St. Louis Marie de Monfort wrote: “If Mary is well cultivated in our soul by fidelity to the practices of this devotion, she will bear her fruit in her own time, and her fruit is none other than Jesus Christ. How many devout souls do I see who seek Jesus Christ…and oftentimes, after they have toiled much throughout the night, they say: ‘We have toiled all night, and have taken nothing!’ (Lk. 5:5)…But by that immaculate way of Mary…we toil during the day, we toil in a holy place, we toil but little. There is no night in Mary, because there is no sin nor even the slightest shade (in her). Mary is a holy place, and the holy of holies where saints are formed and molded…Saints are molded in Mary. There is a great difference between making a figure by blows of hammer and chisel, and making a figure by throwing it into a mold. Sculptors labor much to make figures in the first manner, but to make figures in the second manner, they work little and do their work quickly. St. Augustine calls our Blessed Lady “the mold of God” – the mold fit to cast and mold gods.
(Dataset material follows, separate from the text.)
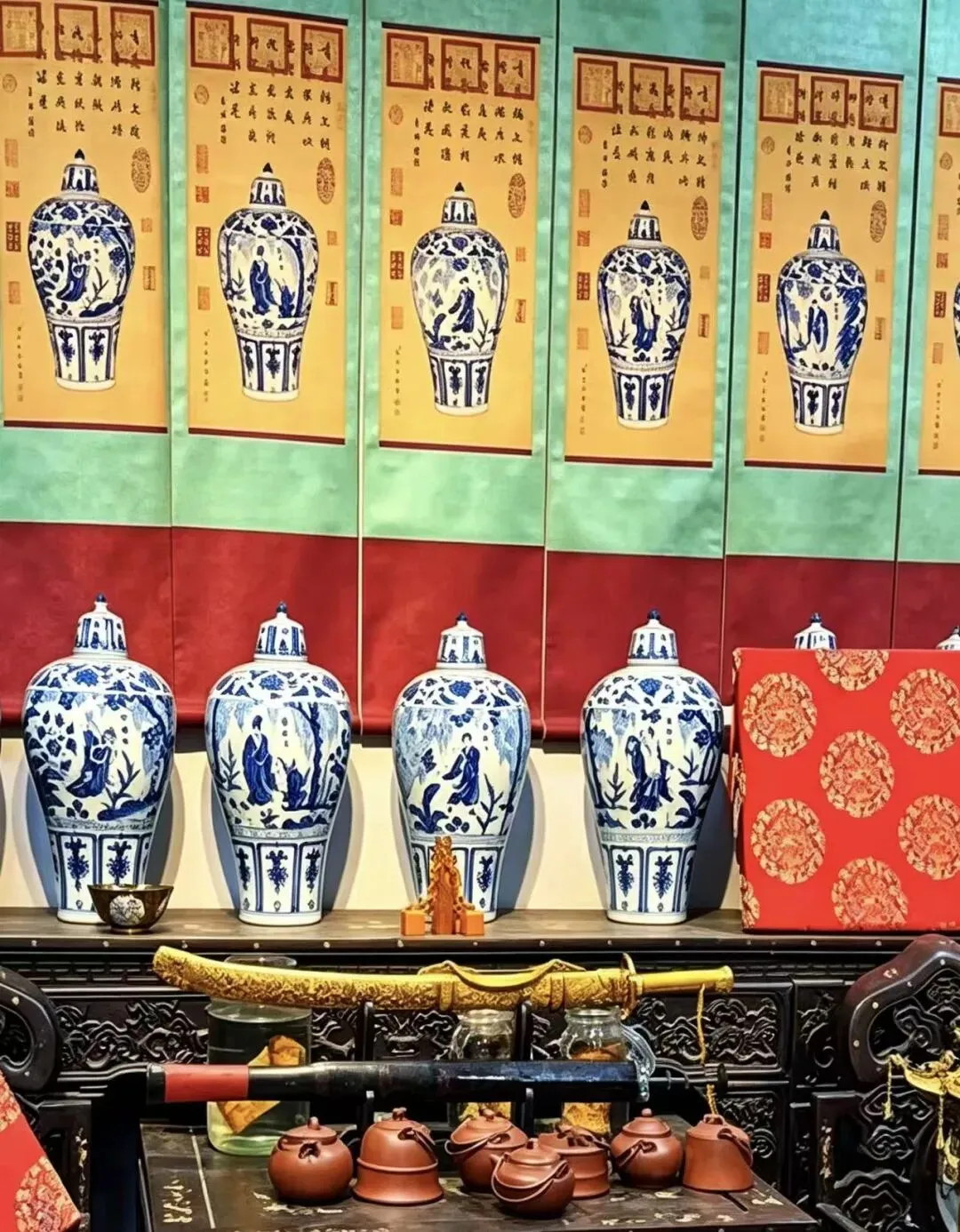 先看这一整排青花大瓶:器型规整、画工精细,配着对应的文献说明卡,这种成套的“主题藏品”,在行情起来后,溢价空间远不是单件能比的。现在入手这类有体系的藏品,等于提前占好了“稀缺性”的坑。
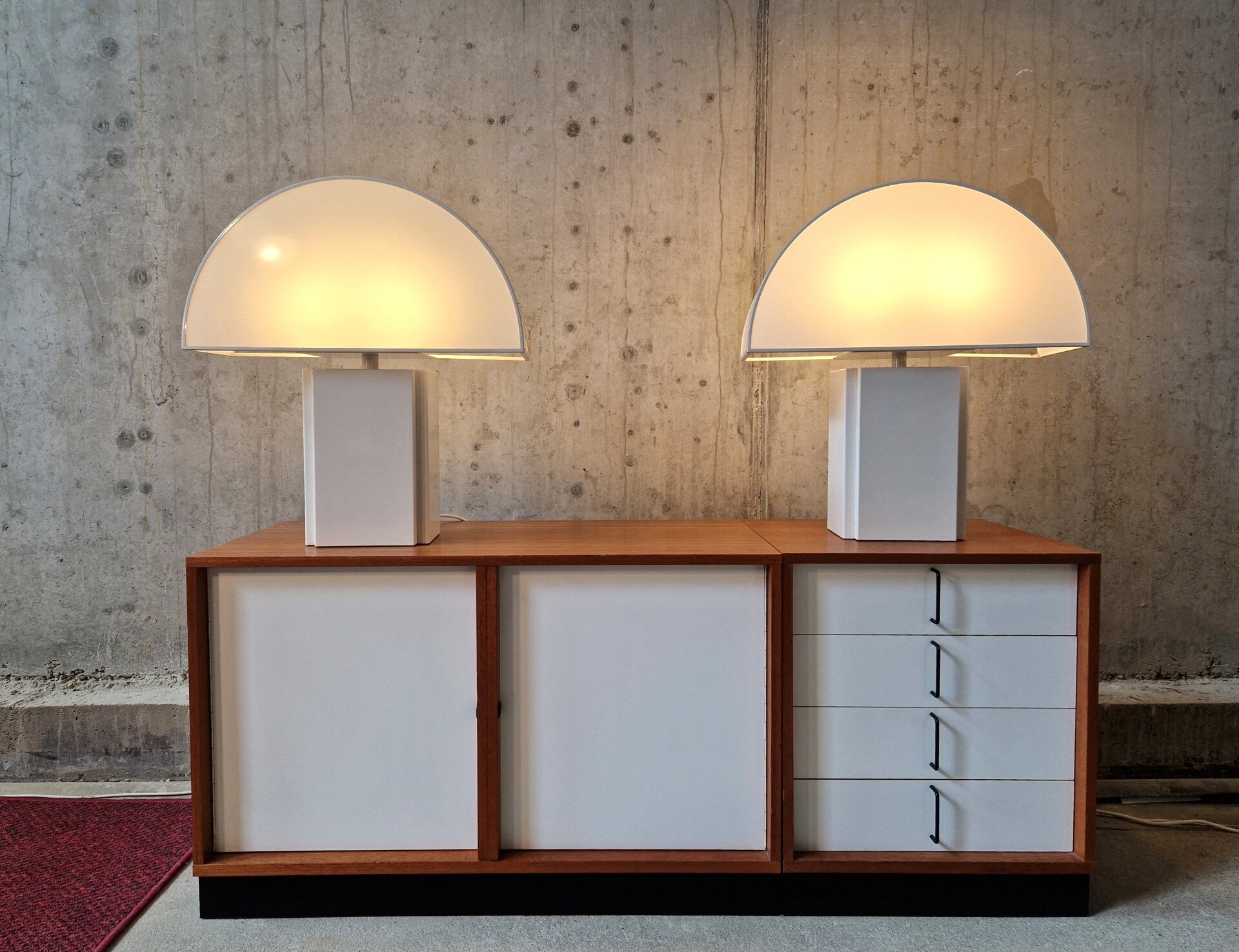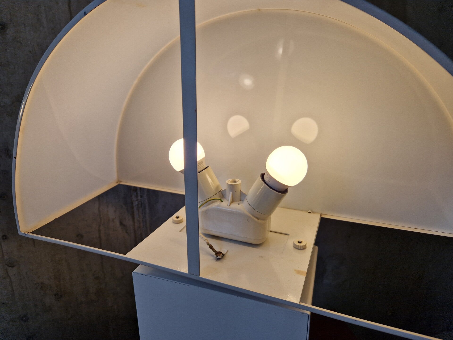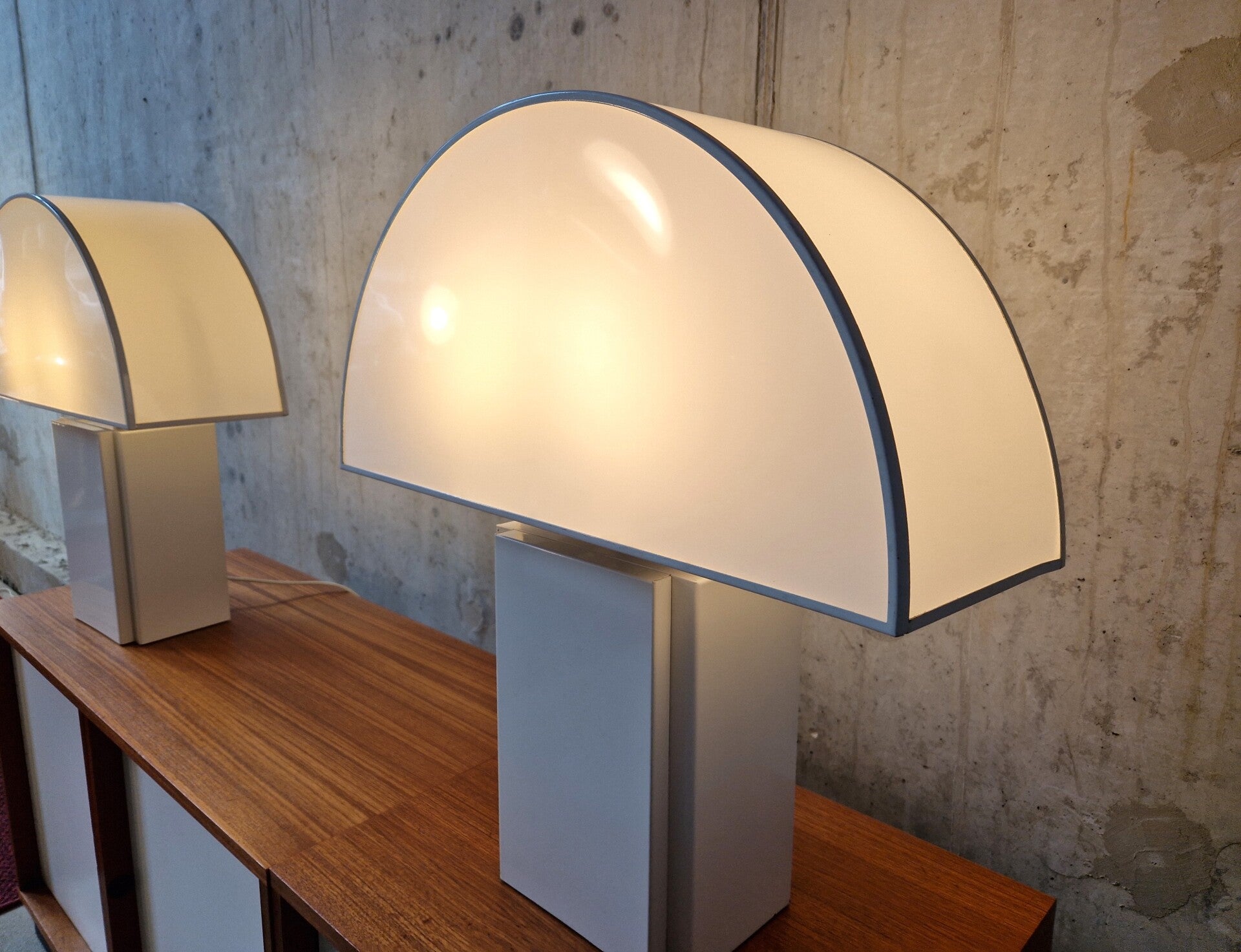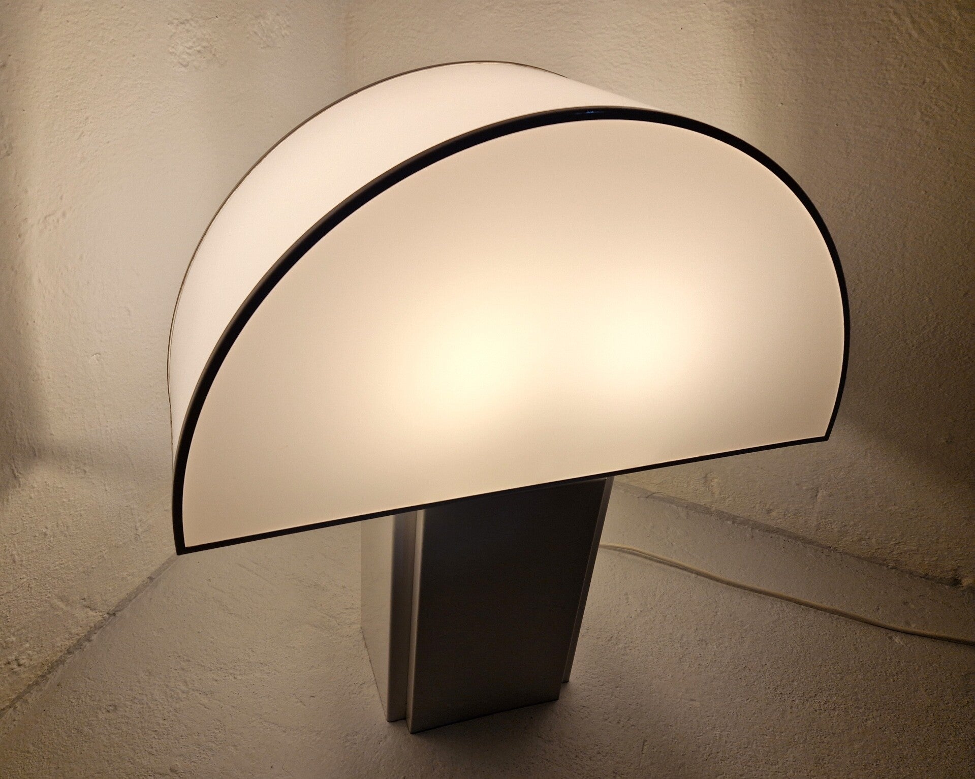 We are selling two of these XL table lights, designed by Harvey Guzzini for ED in the 1970s. The 'half moon' lights are called 'Olympe' and really have that understated Italian cool. Open back for easy acces and a great size!

He who is cast in this mold is presently formed and molded in Jesus Christ, and Jesus Christ in him. At a slight expense and in a short time he will become God because he has been cast in the same mold which has formed a God…Those who embrace the secret of grace which I am revealing to them I may rightly compare to founders and casters who have discovered the beautiful mold of Mary, where Jesus was naturally and divinely formed; and without trusting in their own skill, but only in the goodness of the mold, they cast themselves and lose themselves in Mary, to become the faithful portraits of Jesus…But remember that we cast in a mold only what is melted and liquid, that is to say, you must destroy and melt down in yourself the old Adam to become the new one in Mary.” (True Devotion to Mary, 218-221.)

Only in such way can there be peace if we are molded into Christ who is our Peace. Therefore, let Christ be formed in us. Let us be formed in Christ. Let this be done in the mold of Mary. May our celebration of her birthday bring us closer to lasting peace.